De spelbepalende spelers hoefden zich altijd weinig zorgen te maken over hun verdedigende taken. Achter hen stond toch wel iemand die de gaatjes dichtte; iemand die maar al te graag het vuile werk opknapte. Jeroen van den Broeke was in zijn hoogtijdagen als voetballer die kilometervreter waar iedere medespeler op kon bouwen. Tegenwoordig is hij voetbaltrainer.
Op de training rondjes lopen? ,,Mij had je er niet mee”, vertelt Van den Broeke (36), trainer van zondag-vierdeklasser RIA Westdorpe én wederom besmet met het loopvirus. Onlangs voltooide hij zijn eerste marathon: de Marathon Zeeuws-Vlaanderen. Ondanks een flauwte voltooide hij de 42 kilometer en 195 meter.
Leuke bijkomstigheid dat hardlopen, maar de focus van Van den Broeke ligt toch voornamelijk bij het voetbal. Na jarenlang bij Terneuzense Boys assistent te zijn geweest van onder anderen Diederik Hiensch (,,Een betere leermeester kun je in Zeeland niet krijgen”) staat hij nu sinds anderhalf jaar op eigen benen bij RIA Westdorpe. De lange middenvelder van weleer zei in een eerder stadium goed na te moeten denken over een vierde- of vijfdeklasser. Toch bevalt het hem uitstekend.
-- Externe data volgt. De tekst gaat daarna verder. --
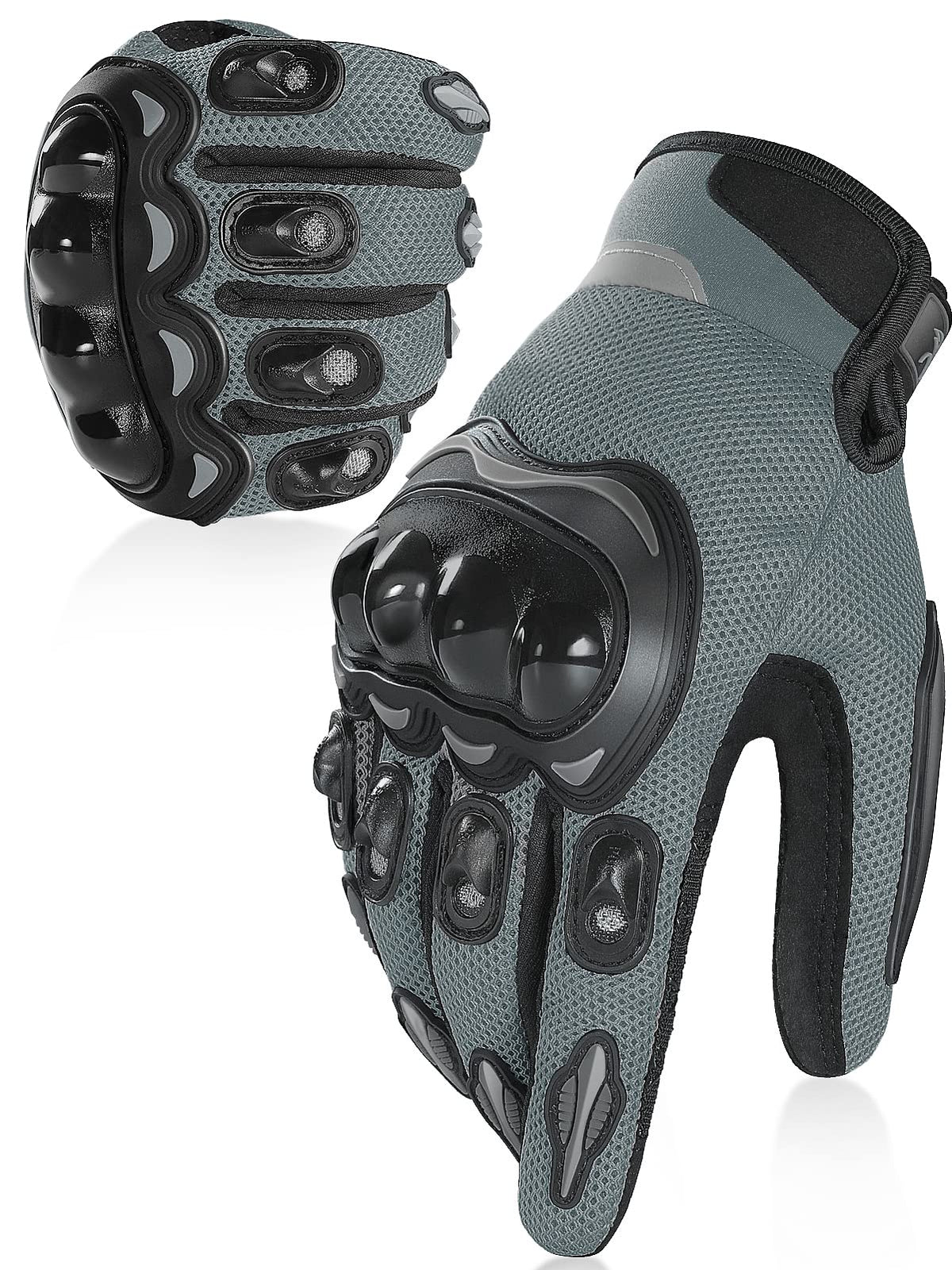 Cofit Summer Motorcycle Glove For Men And Women, Breathable Mesh Motorbike Gloves With Hard Knuckle And Touchscreen For Bmx Atv Mtb Riding, Road Racing, Cycling And Bike Gray M

Grotendeels dan. ,,Kijk, wat ik soms mis: je voetbalt, dus dan wil je er toch alles aan doen? Maar die bereidwilligheid mis ik weleens. Soms sta je met acht man op de training. Maar al zijn er maar vier, trainen doen we altijd.”
Over bereidwilligheid gesproken. Van den Broeke voelde zich dit seizoen al vier keer verplicht om zichzelf op te stellen. Begin april speelde hij nog een helft mee tegen IJzendijke, maar in november maakte hij het helemaal bond. ,,Scoorde ik als invaller de winnende tegen Vivoo. Maar het zijn wel zaken die ik echt probeer te beperken’’, zo zegt Van den Broeke.
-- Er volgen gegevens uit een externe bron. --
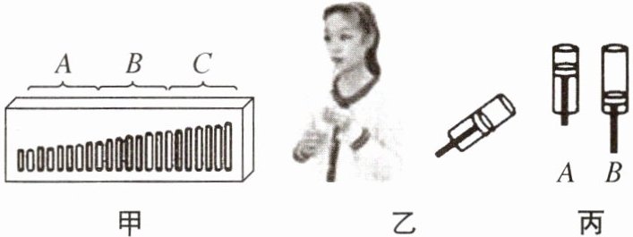振动而产生的,吹哨时上下推拉活塞,图丙中A和B音调较高的是A

Meespelen doet hij dus liever niet, aangezien hij het dit seizoen al druk genoeg heeft om zijn elftal in de vierde klasse te houden. ,,We hebben veel wisselingen, dus een spelbezetting kun je niet echt trainen. En het is ook weer iets vrijblijvender dan dat ik gewend was bij Terneuzense Boys. In de winter zijn er vijf Belgische versterkingen gekomen, maar zijn er ook weer vier jongens afgehaakt. Je leeft dus echt van wedstrijd tot wedstrijd en dan is het lastig om iets op te bouwen.”
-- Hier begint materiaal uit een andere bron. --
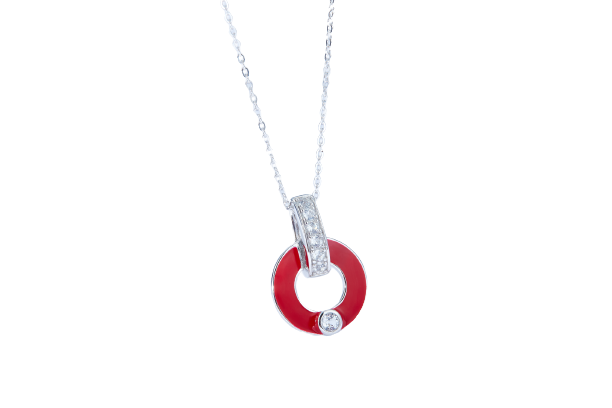 This Red Circle Enamel Silver Necklace for Women is a statement piece with a sophisticated twist. Crafted from sterling silver with a glossy red enamel circle pendant. this necklace will add charm to formal and casual looks alike. Its delicate chain makes it comfortable to wear all day.

Toch weerstond hij wel de lokroep van andere clubs. ,,Ik heb bijvoorbeeld een belletje van Breskens gehad maar hoefde echt niet na anderhalf jaar al weg. Er staat ons nog een druk programma te wachten maar het moet wel heel gek lopen willen we nog in die nacompetitie voor degradatie belanden. Wie weet kunnen we hier volgend seizoen dan met gerichte versterkingen weer iets leuks neerzetten. Al is die zoektocht zeker niet zo simpel. RIA is een club zonder jeugdafdeling en die krijg je ook niet zomaar weer terug vrees ik.”